I think KP does lay low for the rest of the summer. We still have what appears to be a log-jam of too many good players, which is always a risk because the players know they are good and want minutes accordingly. Can Webster, Trout, Rudy, and Frye all be content with limited minutes and earn rings together? If Rudy has been promised minutes, and Outlaw is said to become a SF only, I see Webster getting half his playing time pilfered. This really bothers me because I personally see Webster as a better long-term prospect than both Rudy and Travis. However I feel that the fan support is greater for those two than for Marty. I hate to see it but I think KP has a package of Marty and Raef (and probably one more) awaiting the highest bidder at the trade deadline (when teams scramble to clear space for next summer amidst rumors that Boozer and DWill are discontent after being swept in the first round by yours truly).
I think keeping Outlaw over Webster goes against more of the guidelines above, namely 1b, 1c, 2 and 3. But since Rudy will want to start now since Bayless will be on the come-up shortly, that may push Marty out of the starting line-up. I like Martell off the bench, but his confidence would likely take a hit since he started almost all of last season. Trout is probably the better 6th man because of his athleticism and apparent flair for the dramatic.
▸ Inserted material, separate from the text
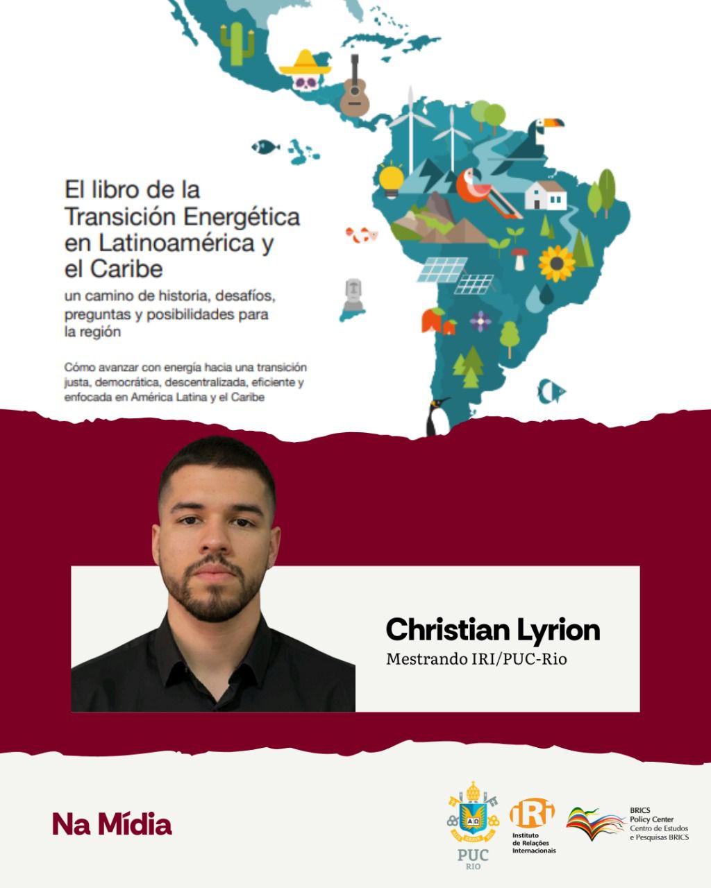Christian Lyrion de Barros Fontão, a master’s student at the Institute of International Relations at PUC-Rio (IRI/PUC-Rio) and a research assistant at LACID, part of the Brazilian Policy Center (BPC/PUC-Rio), co-authored the book “El libro de la Transición Energética en Latinoamérica y el Caribe.”

Because of all this, I wouldn’t be surprised if we started Martell at the 3 and traded him mid-season with Raef for that veteran player Coach Nate asked for at the end of last season. If we do end up parting with Marty to my extreme disappointment, here’s to hoping it’ll be to an eastern conference team we only have to play twice a season.
Also, what affect do injuries have on an “amateur GM”? Say for instance, Oden plays 82 games next season, averages 15pts, 10rebs, 3blks while shooting 55% from the field and 75% from the free throw line. God forbid, but if his knee or another part of his body were to break down and he were to miss another whole year, Pritch would be stuck in a tough position. On the one hand, Oden showed considerable potential in his one year, and because of that would likely still fetch a max extension, but what is a professional GM to do in these types of situations. Can’t risk losing him and watching him beat you for the next ten years.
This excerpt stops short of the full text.